Introduction:
Incorporating the use of artificial intelligence (AI) in clinical decision support systems has been shown to improve the diagnostic accuracy and efficiency of workflow. However, AI hallucinations, which are defined as the production of factual or verifiably false outputs, and long-term bias, which compromises fairness between demographic groups, are also highly significant barriers to safe clinical use. The current study explores systematic measures to reduce AI hallucinations and bias and increase justice in clinical AI implementation.
Methods:
A mixed-methods experimental design was employed using a benchmark dataset of 2,000 de-identified electronic health records stratified by gender, age, and socioeconomic status. Model-level interventions included (i) retrieval-augmented generation (RAG) using curated clinical knowledge bases; (ii) uncertainty calibration via probabilistic confidence scoring; and (iii) reinforcement learning with clinician feedback (RLHF). Data-level interventions comprised dataset diversification, subgroup-wise bias auditing, and stratified resampling to correct demographic imbalance.
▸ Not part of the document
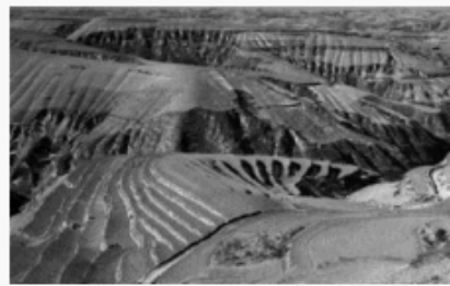
第 1、2 题图

下图为黄土高原局部景观图,该区域内植被多呈斑块状、有序地重复出现。完成 1、2 题。

Governance-level measures included post hoc explainability using SHAP-based feature attribution and structured human-in-the-loop (HITL) validation by board-certified clinicians. Quantitative evaluation involved hallucination rate measurement, predictive parity and demographic disparity analysis, and clinical concordance scoring against expert-validated ground truth. Statistical significance was assessed using paired t-tests and chi-square tests, with p < 0.05 considered significant.
Results:
RAG use in combination with clinician-directed feedback decreased the occurrence of hallucinations by 41.7 % compared to baseline models (p<0.001). The predictive parity of bias mitigation methods improved in demographic subgroups, reducing outcome disparity by 18.3 to 6.9 % (p= 0.004). Explainable AI increased clinician trust scores by 32 %, and human-in-the-loop validation increased clinical concordance by 76.4 % to 89.2 %.
Conclusion:
These results support the idea that the implementation of a multilayered approach, combining both technical protective measures, a variety of data management, and patient supervision, significantly decreases AI hallucinations and enhances the level of fairness in clinical practice. These strategies are necessary in ensuring ethical, reliable, and equitable application of AI in healthcare settings.